As highlighted in this review, the interpretation of intolerability varies significantly between healthcare professionals. To a large extent, this is related to the fact that true intolerability has not yet been tested. Contraindications for certain drugs are often defined based on the exclusion criteria applied in RCTs but not based on scientific evidence. For example, the use of ARNi is discouraged in patients with eGFR < 30 simply because such patients have been excluded from the according trial [4, 16]. Similarly, SGLT2i may not be used with eGFR < 20–30 although they have proven reno-protective effects [1, 2, 4]. To overcome this uncertainty, appropriate trials are required to test if such assumed intolerability or contraindication is scientifically sound. In addition, registries including patients that receive treatment despite some (relative) contraindications may help to address this question.

The urgency for better GDMT implementation: the need for all four

With the introduction of a fourth drug class as standard therapy for all HFrEF patients, in addition to other drugs such as diuretics, antiarrhythmic therapy, ivabradine, digoxin, and more recently verigicuat, the use of best therapy has become increasingly complex [4].

Therefore, future research should focus on achieving a better understanding of the barriers of drug initiation, use, and up-titration. For example, the retrospective chart analysis CHART-HF will analyze patients with a worsening heart failure event and analyze the clinician-reported reasons for GDMT non-adherence [64]. Additionally, the TITRATE-HF registry aims to prospectively record every step of the titration process, and register the barriers of up-titration in heart failure patients in The Netherlands. Both studies will not only register reasons for medication changes, but also detail the reasons for not initiating or up-titrating medication. New registries will simultaneously provide insight into the real-world implementation of the latest drug class, SGLT2i, since this data is currently limited.

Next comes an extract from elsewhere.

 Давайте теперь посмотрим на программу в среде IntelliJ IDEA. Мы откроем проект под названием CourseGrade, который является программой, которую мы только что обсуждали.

Infrastructure needed for GDMT implementation

Finally, an important cornerstone of HF care is the infrastructure needed to facilitate healthcare providers in helping their patients. An important threat of the infrastructure is the collective burden on healthcare providers, due to the increasing workload and scarcity of healthcare personnel. This burden is leading to high rates of burnout and apathy in healthcare providers, which makes providing proper HF care on its own already challenging [62, 65, 66]. Providing proper HF care includes having an outpatient clinic with specialist HF nurses that educate and counsel the patients, perform checks and follow-up visits, and collaborate with physicians from both inside and outside the hospital.

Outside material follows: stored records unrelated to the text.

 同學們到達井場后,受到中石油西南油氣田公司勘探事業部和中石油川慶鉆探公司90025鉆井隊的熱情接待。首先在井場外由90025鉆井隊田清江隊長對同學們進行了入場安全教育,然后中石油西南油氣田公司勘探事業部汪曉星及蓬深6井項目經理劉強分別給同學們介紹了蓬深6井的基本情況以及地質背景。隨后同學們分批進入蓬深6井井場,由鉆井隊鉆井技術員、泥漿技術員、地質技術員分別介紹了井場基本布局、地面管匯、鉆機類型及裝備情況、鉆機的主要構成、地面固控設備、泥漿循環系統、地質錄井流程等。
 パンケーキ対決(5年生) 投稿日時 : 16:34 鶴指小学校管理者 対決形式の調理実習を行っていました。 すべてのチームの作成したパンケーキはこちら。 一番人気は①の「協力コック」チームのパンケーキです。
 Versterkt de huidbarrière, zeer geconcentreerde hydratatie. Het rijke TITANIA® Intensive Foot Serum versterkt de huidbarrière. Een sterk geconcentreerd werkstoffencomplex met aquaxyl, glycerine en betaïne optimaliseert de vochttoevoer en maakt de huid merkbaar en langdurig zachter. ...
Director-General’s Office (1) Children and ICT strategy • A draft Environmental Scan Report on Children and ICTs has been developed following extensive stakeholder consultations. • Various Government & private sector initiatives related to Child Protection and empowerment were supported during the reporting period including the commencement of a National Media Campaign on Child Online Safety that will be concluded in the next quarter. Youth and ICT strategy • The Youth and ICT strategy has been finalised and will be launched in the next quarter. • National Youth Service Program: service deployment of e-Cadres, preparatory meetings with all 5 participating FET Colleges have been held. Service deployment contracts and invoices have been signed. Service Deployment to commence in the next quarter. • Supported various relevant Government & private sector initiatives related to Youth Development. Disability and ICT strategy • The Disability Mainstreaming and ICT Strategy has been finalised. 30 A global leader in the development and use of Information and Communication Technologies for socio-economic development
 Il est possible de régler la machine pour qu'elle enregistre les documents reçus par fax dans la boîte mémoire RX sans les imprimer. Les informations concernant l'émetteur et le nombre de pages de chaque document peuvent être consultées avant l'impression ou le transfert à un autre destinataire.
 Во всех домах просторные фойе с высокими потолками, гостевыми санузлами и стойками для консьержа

To decide what is needed to improve implementation of GDMT in terms of infrastructure, one should look at the lessons learned from STRONG-HF [38]. The high intensity care group had a very strict, protocolized, HF care regime with additional visits to monitor patients, which may have played an important role in addition to the effect of rapid up titration [67]. While the burden of healthcare personnel is generally speaking already high, it seems that frequent visits or at least contacts with the patient play a major role in starting and up-titrating GDMT.

Other, more modern, infrastructure-based initiatives to improve GDMT implementation include electronic health record (EHR) based tools to encourage clinicians to start and up-titrate GDMT through encouraging prompts and visualizations embedded within the EHR [68, 69], and integrating risk-prediction tools in established care pathways [70]. These modern approaches can help reduce the burden on healthcare personnel by providing clinicians clear choices and suggestions on how to proceed with the patient in front them.

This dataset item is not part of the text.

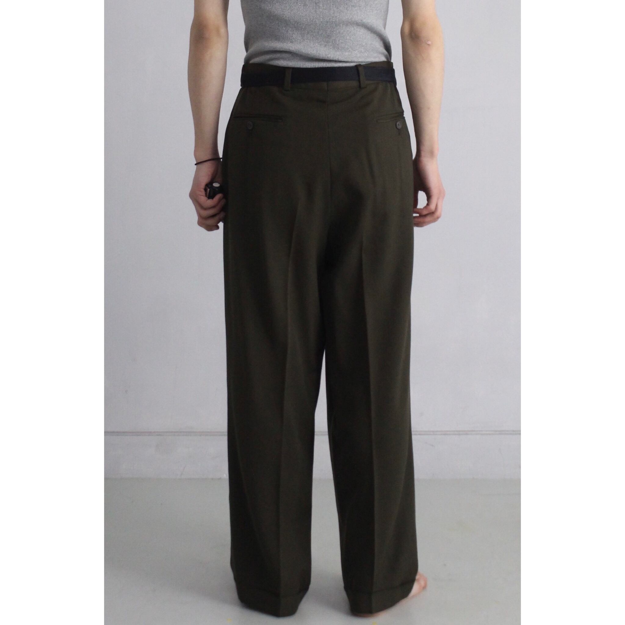 【FIFTY-FIFTY】1990s vintage olive colour wool 3tuck slacks made in Canada -8559-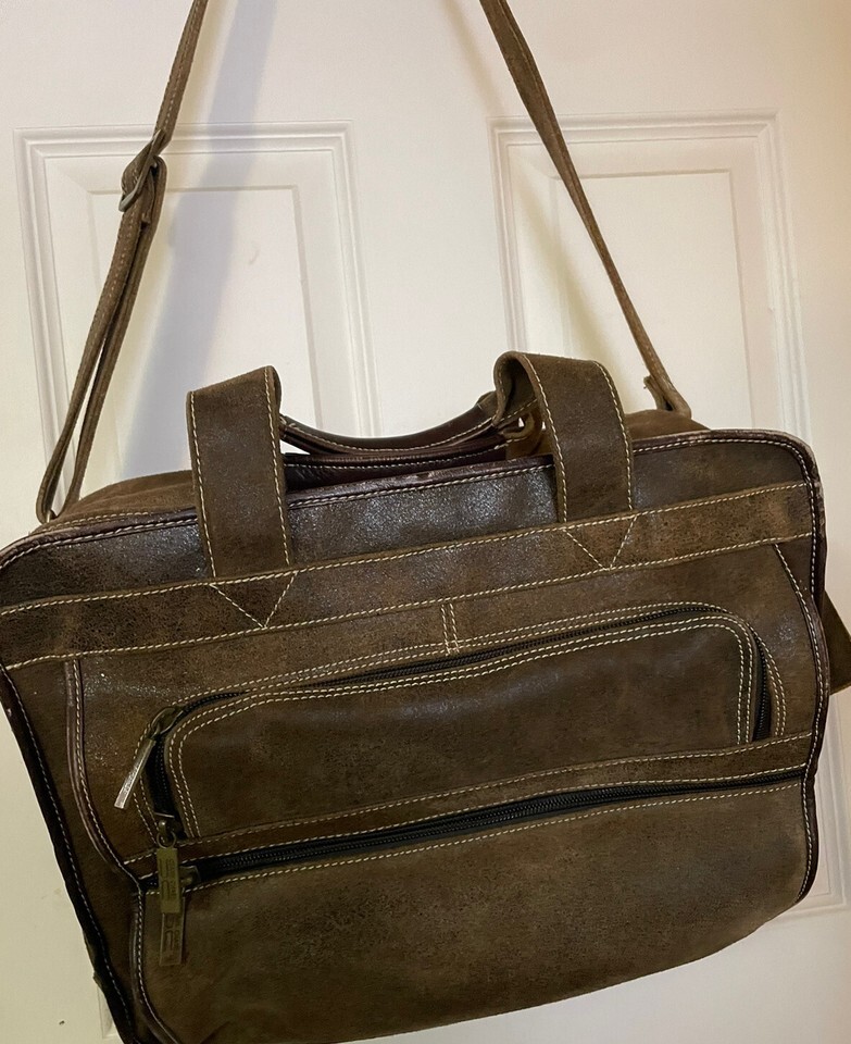 - Authentic Vtg Claire Chase Distressed Leather Briefcase Saddle Messenger Bag

The main message that can be taken from these studies is that frequent visits and contacts with the patient are important, especially during the first few weeks after starting or up-titrating a drug class. However, more effective and modern approaches are urgently needed to reduce workload and make the infrastructure of HF care sustainable for the future.

Conclusion

Although medical therapy for heart failure will always remain an individually tailored art, future research may offer clinicians additional much needed tools to help further optimize their craft.